Records contained in a dataset
──────────────────────────────

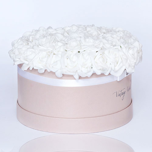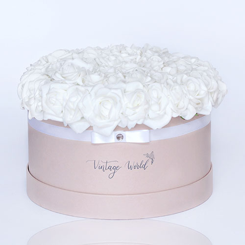 Kézzel készített 50 szálas Sydney rózsadoboz fehér habrózsákból, bézs dobozban.
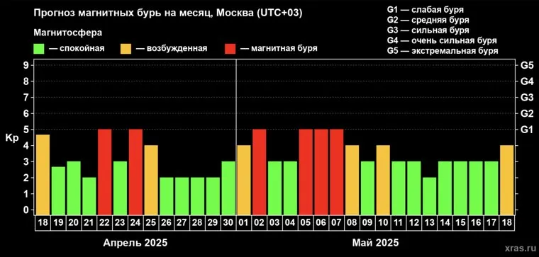 В апреле ученые прогнозируют еще две возможные магнитные бури. Они могут обрушиться на Землю 22 и 24 апреля. Также 25 числа сохраняется риск возбужденности магнитосферы. В начале следующего месяца повышенная геомагнитная активность, с высокой вероятностью, вернется. Магнитные бури ожидаются 2, 5, 6 и 7 числа. Повышенная активность магнитосферы прогнозируется 1, 8, 10 и 18 мая. При этом нужно учитывать то, что обстановка всегда может измениться, поэтому метеозависимым людям стоит проверять прогноз на геомагнитной активности на ближайшие несколько дней.
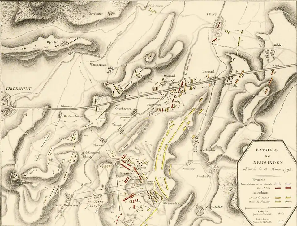 On 6 November 1792, a French army under Charles François Dumouriez defeated the Austrian army of Duke Albert of Saxe-Teschen at the Battle of Jemappes. The French enjoyed an enormous numerical superiority with 40,000 infantry, 3,000 cavalry and 100 guns against an Austrian army counting 11,628-foot soldiers, 2,168 horsemen and 56 guns.[1] Within one month the French armies overran most of the Austrian Netherlands, a territory known today as the nation of Belgium. On the right flank, the Army of the Ardennes led by Jean-Baptiste Cyrus de Valence advanced down the Meuse River toward Huy. On the way, Valence dropped off a force under Louis-Auguste Juvénal des Ursins d'Harville to besiege Namur. Dumouriez himself with the Army of Belgium captured Liège. The Army of the North commanded by Francisco de Miranda laid siege to Antwerp. It was joined by a column under Benôit Guérin de Berneron that marched first from Ath northeast to Leuven (Louvain).[2]
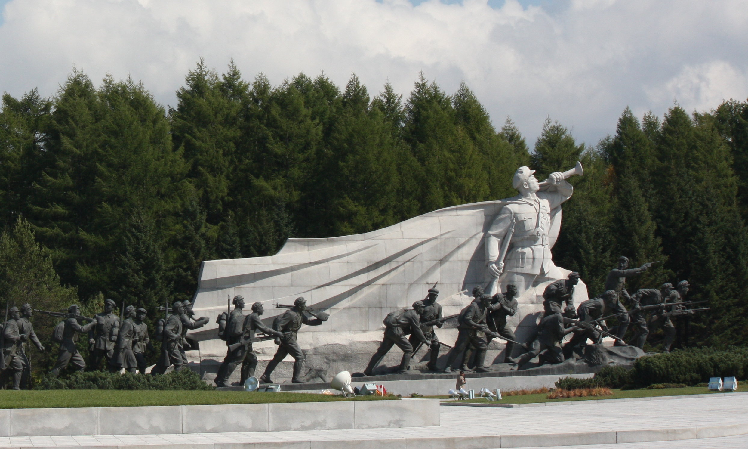 - '''삼지연 대기념비''': 조선인민혁명군의 조국 진군을 기념하여 건립된 기념비이다. 김일성 동상을 중심으로 폭 250m로 축조되었다. 한쪽에는 봉화탑(50m)과 혁명사적비, 다른 한쪽에는 "진격의 나팔수"(12m), 정면에 "조국편", "흠모편", "진군편", "숙영편", "조국의 물" 등 80여 개의 조각상으로 이루어진 군상이 늘어서 있다. '전투의 길에서', '조국', '그리움', '앞으로'라는 4개의 조각상 그룹으로 구성되어 있다.[8]
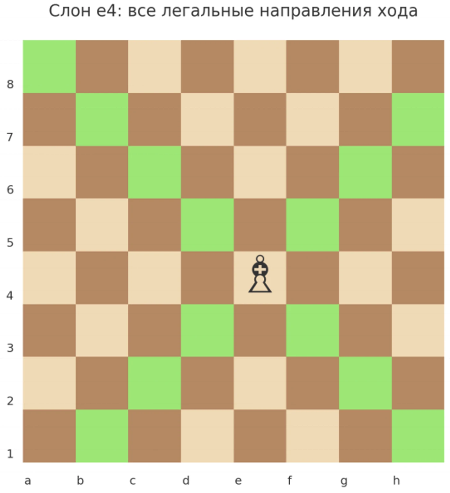 Позиция: белый слон на e4, вокруг нет фигур. Доступны клетки:f5, g6, h7; d5, c6, b7, a8; f3, g2, h1; d3, c2, b1. Контраст к «заблокированной» версии: при преградах собственными пешками число доступных ходов может сокращаться с ~13 до 5 и меньше.
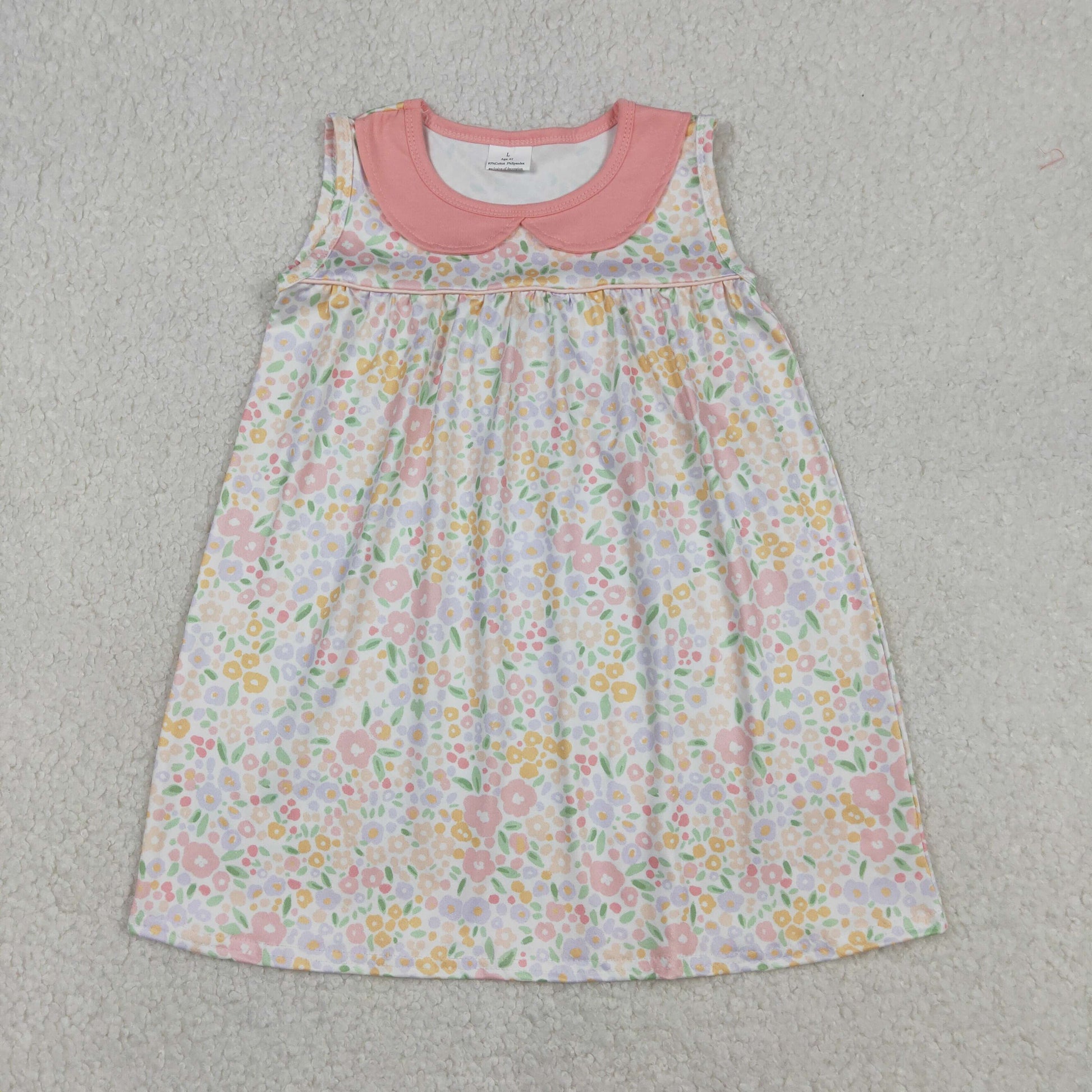 Pink flowers girls short sleeve dress
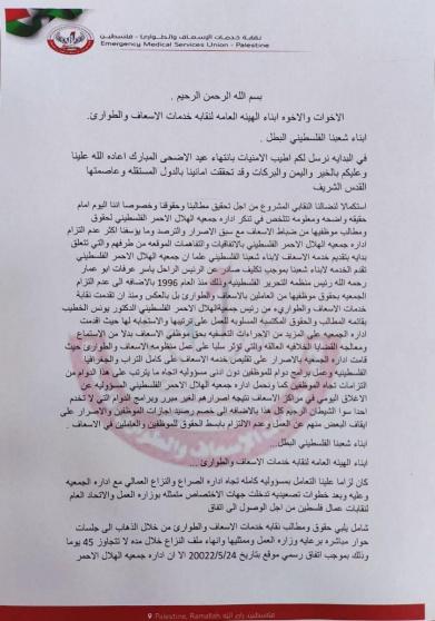 وحملت النقابة، جمعية الهلال الأحمر المسؤولية عما آلت إليه الأمور بسبب "عدم التزامها بالاتفاقيات الموقعة".
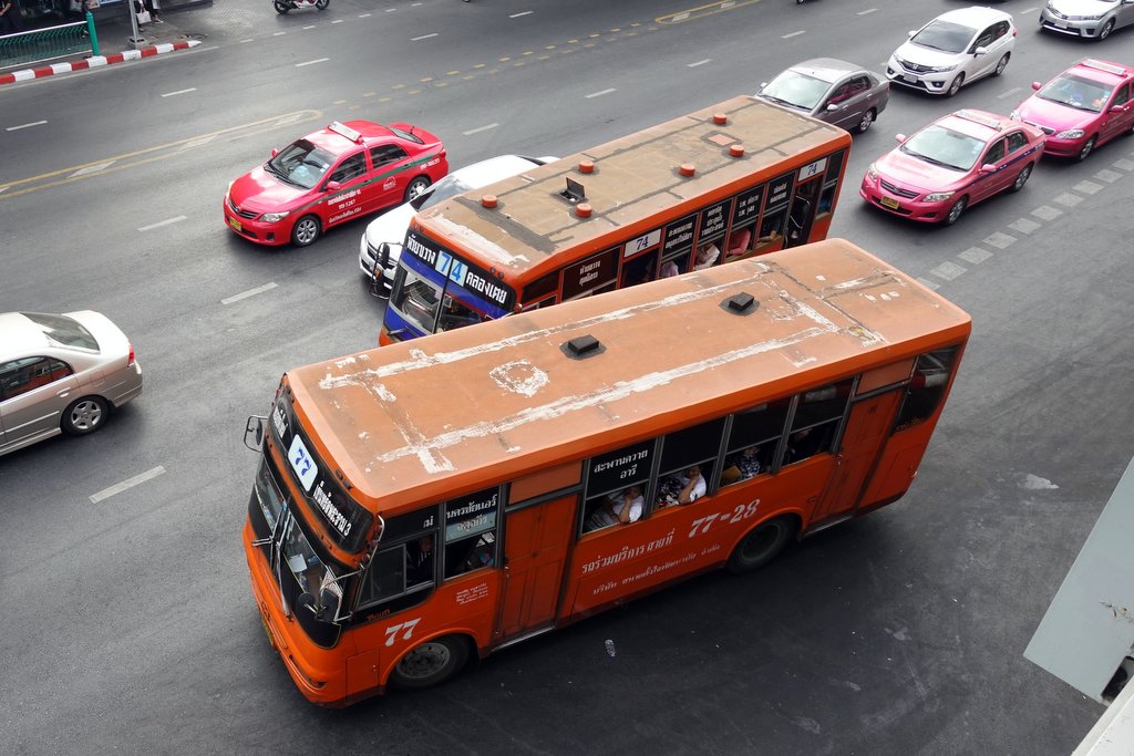 9 Из общественного транспорта в Бангкоке есть автобусы, которые я упоминаю только для полноты картины. Ведь они так же как и такси стоят в пробках, а такси и так уже дешёвые! На автобусах я ни разу не ездил. Многие из них ходят битком набитыми.
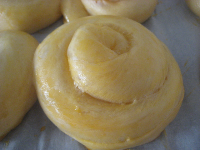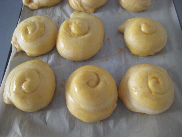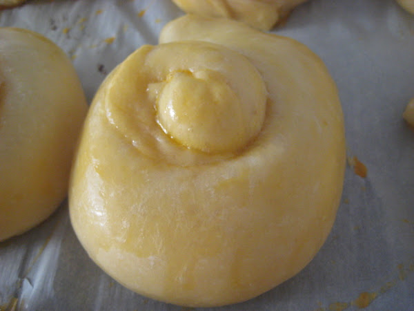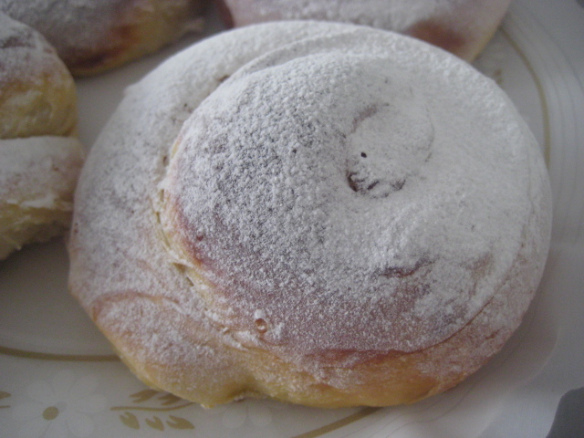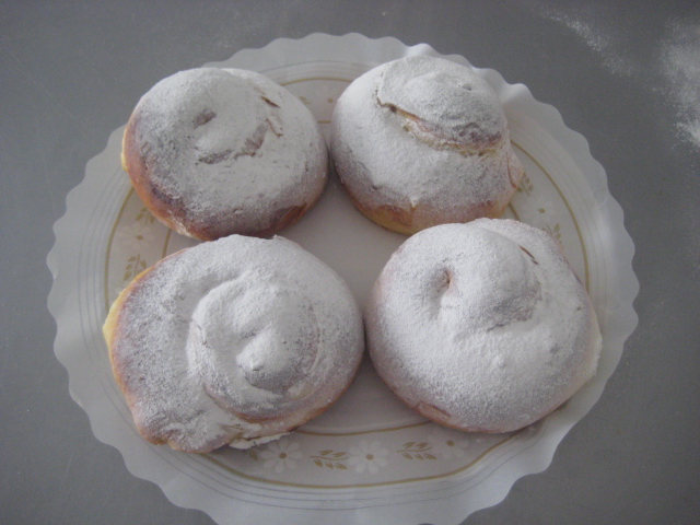 Preparación: Batir los huevos con el azúcar y el agua para que el azúcar se vaya diluyendo. Seguidamente añadir la masa madre, el mejorante panario, si se emplea, la levadura y la harina. Amasar durante un buen rato, entre 30 y 60 minutos, para obtener una masa muy elástica que al tomar una porción con la mano y estirar se quede casi transparente. En este punto, retirar de la amasadora y colocar en un bol muy ligeramente aceitado y reposar durante 3 horas o hasta el día siguiente, bien tapada en la nevera. Pasado el tiempo de reposo, pesar porciones de 100-125 ó 250 gr. dependiendo del tamaño de ensaimada que deseemos elaborar. Bolear las piezas y dejar reposar 15 minutos, tapadas, sobre la mesa aceitada ligeramente con aceite de girasol. La masa de ensaimadas se trabaja con aceite y no con harina. Estirar las bolas con un rodillo hasta formar una lengua larga o una elipse y untar generosamente con manteca de cerdo, Una vez hecho esto, estirar la masa metiendo los dedos para hacerla muy fina y que al hornear quede hojaldrado o en capas. Una vez bien estirada, enrollar y reposar los rollos unos minutos. Seguidamente alargarlos un poco con la mano y luego golpear en la mesa para que se alarguen bien. Sobre bandeja de horno con papel, enroscar para dar la clásica forma de ensaimada. Pincelar con huevo o con agua y fermentar en un lugar cerrado, a temperatura ambiente y con un poco de humedad durante 18-20 horas. Seguidamente cocer en el horno a 195º C durante 10-12 minutos. Se puede hacer mitad de la cocción con tiro cerrado y la otra mitad abierto. Una vez hechas, retirar del horno, dejar enfriar un poco y salpicar con abundante azúcar glas.
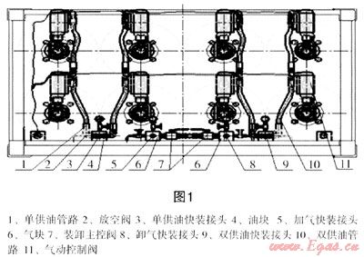 天然氣液壓子站加氣半掛車是將由8只大直徑氣瓶的管束橇安裝在1個(gè)可以舉升15°角的專用底盤上。前后倉(cāng)內(nèi)各氣瓶端口均設(shè)有氣動(dòng)控制閥、安全放散裝置及充卸氣管路等,如圖1。
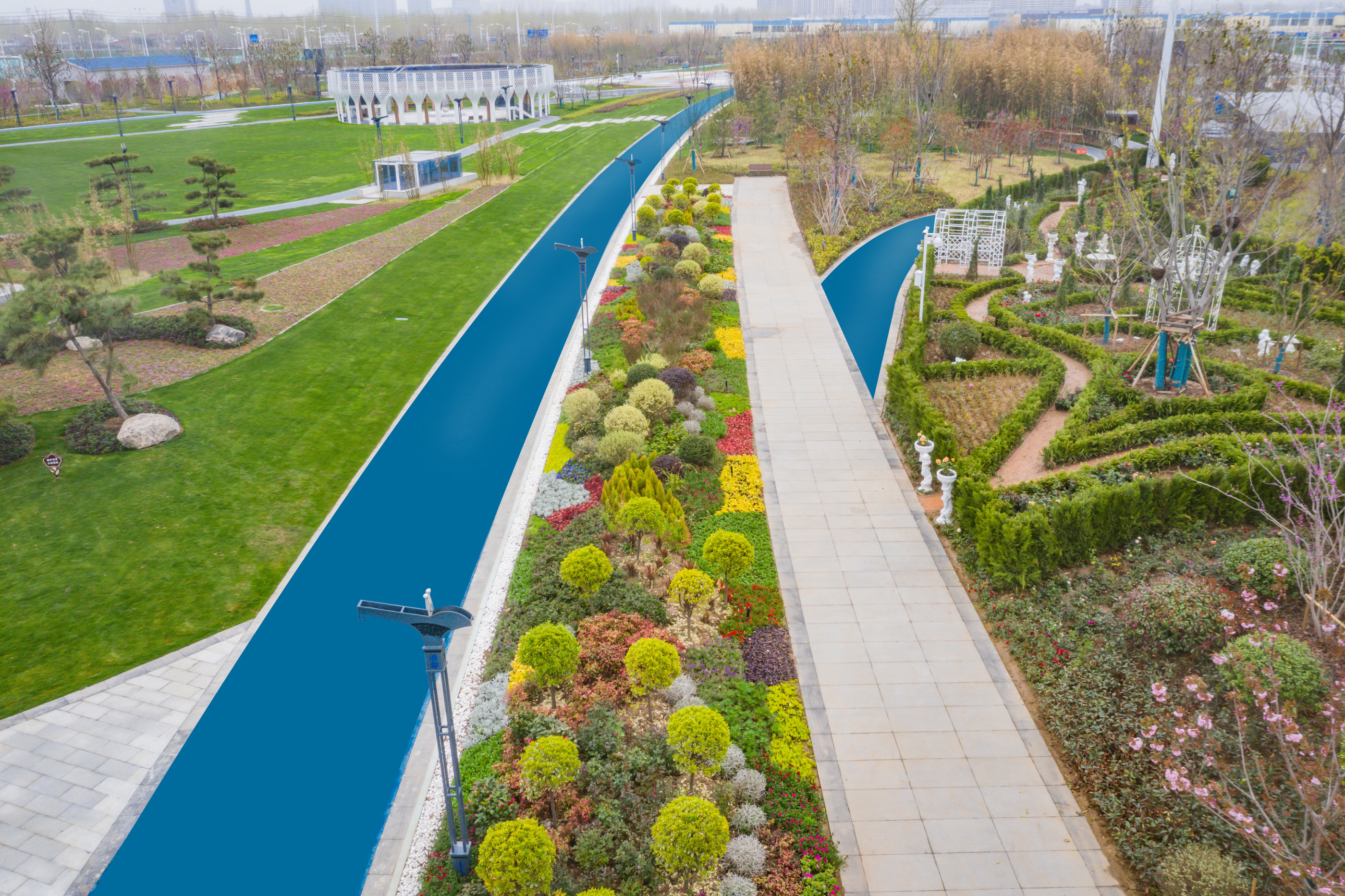 在酒都廣場有一條長1369米的“夢之藍(lán)”色瀝青道路。為了避免瀝青變色,工程項(xiàng)目部與南京工業(yè)大學(xué)等多家高校和企業(yè)合作,經(jīng)過近3個(gè)月的試驗(yàn)、觀察,最終成功研制出顏色、性能均滿足要求的混合料。這是無變色期的“夢之藍(lán)”色瀝青混合料在國內(nèi)的首次使用,體現(xiàn)了“中國酒都”的設(shè)計(jì)主題,呈現(xiàn)出賞心悅目的景觀效果,目前正在申報(bào)國家級工法。

──────────────────────────────

About this task
Exclude the pictures. Write out the remaining data exactly.

Exercise output
 Kézzel készített 50 szálas Sydney rózsadoboz fehér habrózsákból, bézs dobozban.
 В апреле ученые прогнозируют еще две возможные магнитные бури. Они могут обрушиться на Землю 22 и 24 апреля. Также 25 числа сохраняется риск возбужденности магнитосферы. В начале следующего месяца повышенная геомагнитная активность, с высокой вероятностью, вернется. Магнитные бури ожидаются 2, 5, 6 и 7 числа. Повышенная активность магнитосферы прогнозируется 1, 8, 10 и 18 мая. При этом нужно учитывать то, что обстановка всегда может измениться, поэтому метеозависимым людям стоит проверять прогноз на геомагнитной активности на ближайшие несколько дней.
 On 6 November 1792, a French army under Charles François Dumouriez defeated the Austrian army of Duke Albert of Saxe-Teschen at the Battle of Jemappes. The French enjoyed an enormous numerical superiority with 40,000 infantry, 3,000 cavalry and 100 guns against an Austrian army counting 11,628-foot soldiers, 2,168 horsemen and 56 guns.[1] Within one month the French armies overran most of the Austrian Netherlands, a territory known today as the nation of Belgium. On the right flank, the Army of the Ardennes led by Jean-Baptiste Cyrus de Valence advanced down the Meuse River toward Huy. On the way, Valence dropped off a force under Louis-Auguste Juvénal des Ursins d'Harville to besiege Namur. Dumouriez himself with the Army of Belgium captured Liège. The Army of the North commanded by Francisco de Miranda laid siege to Antwerp. It was joined by a column under Benôit Guérin de Berneron that marched first from Ath northeast to Leuven (Louvain).[2]
 - '''삼지연 대기념비''': 조선인민혁명군의 조국 진군을 기념하여 건립된 기념비이다. 김일성 동상을 중심으로 폭 250m로 축조되었다. 한쪽에는 봉화탑(50m)과 혁명사적비, 다른 한쪽에는 "진격의 나팔수"(12m), 정면에 "조국편", "흠모편", "진군편", "숙영편", "조국의 물" 등 80여 개의 조각상으로 이루어진 군상이 늘어서 있다. '전투의 길에서', '조국', '그리움', '앞으로'라는 4개의 조각상 그룹으로 구성되어 있다.[8]
 Позиция: белый слон на e4, вокруг нет фигур. Доступны клетки:f5, g6, h7; d5, c6, b7, a8; f3, g2, h1; d3, c2, b1. Контраст к «заблокированной» версии: при преградах собственными пешками число доступных ходов может сокращаться с ~13 до 5 и меньше.
 Pink flowers girls short sleeve dress
 وحملت النقابة، جمعية الهلال الأحمر المسؤولية عما آلت إليه الأمور بسبب "عدم التزامها بالاتفاقيات الموقعة".
 9 Из общественного транспорта в Бангкоке есть автобусы, которые я упоминаю только для полноты картины. Ведь они так же как и такси стоят в пробках, а такси и так уже дешёвые! На автобусах я ни разу не ездил. Многие из них ходят битком набитыми.
 Preparación: Batir los huevos con el azúcar y el agua para que el azúcar se vaya diluyendo. Seguidamente añadir la masa madre, el mejorante panario, si se emplea, la levadura y la harina. Amasar durante un buen rato, entre 30 y 60 minutos, para obtener una masa muy elástica que al tomar una porción con la mano y estirar se quede casi transparente. En este punto, retirar de la amasadora y colocar en un bol muy ligeramente aceitado y reposar durante 3 horas o hasta el día siguiente, bien tapada en la nevera. Pasado el tiempo de reposo, pesar porciones de 100-125 ó 250 gr. dependiendo del tamaño de ensaimada que deseemos elaborar. Bolear las piezas y dejar reposar 15 minutos, tapadas, sobre la mesa aceitada ligeramente con aceite de girasol. La masa de ensaimadas se trabaja con aceite y no con harina. Estirar las bolas con un rodillo hasta formar una lengua larga o una elipse y untar generosamente con manteca de cerdo, Una vez hecho esto, estirar la masa metiendo los dedos para hacerla muy fina y que al hornear quede hojaldrado o en capas. Una vez bien estirada, enrollar y reposar los rollos unos minutos. Seguidamente alargarlos un poco con la mano y luego golpear en la mesa para que se alarguen bien. Sobre bandeja de horno con papel, enroscar para dar la clásica forma de ensaimada. Pincelar con huevo o con agua y fermentar en un lugar cerrado, a temperatura ambiente y con un poco de humedad durante 18-20 horas. Seguidamente cocer en el horno a 195º C durante 10-12 minutos. Se puede hacer mitad de la cocción con tiro cerrado y la otra mitad abierto. Una vez hechas, retirar del horno, dejar enfriar un poco y salpicar con abundante azúcar glas.
 天然氣液壓子站加氣半掛車是將由8只大直徑氣瓶的管束橇安裝在1個(gè)可以舉升15°角的專用底盤上。前后倉(cāng)內(nèi)各氣瓶端口均設(shè)有氣動(dòng)控制閥、安全放散裝置及充卸氣管路等,如圖1。
 在酒都廣場有一條長1369米的“夢之藍(lán)”色瀝青道路。為了避免瀝青變色,工程項(xiàng)目部與南京工業(yè)大學(xué)等多家高校和企業(yè)合作,經(jīng)過近3個(gè)月的試驗(yàn)、觀察,最終成功研制出顏色、性能均滿足要求的混合料。這是無變色期的“夢之藍(lán)”色瀝青混合料在國內(nèi)的首次使用,體現(xiàn)了“中國酒都”的設(shè)計(jì)主題,呈現(xiàn)出賞心悅目的景觀效果,目前正在申報(bào)國家級工法。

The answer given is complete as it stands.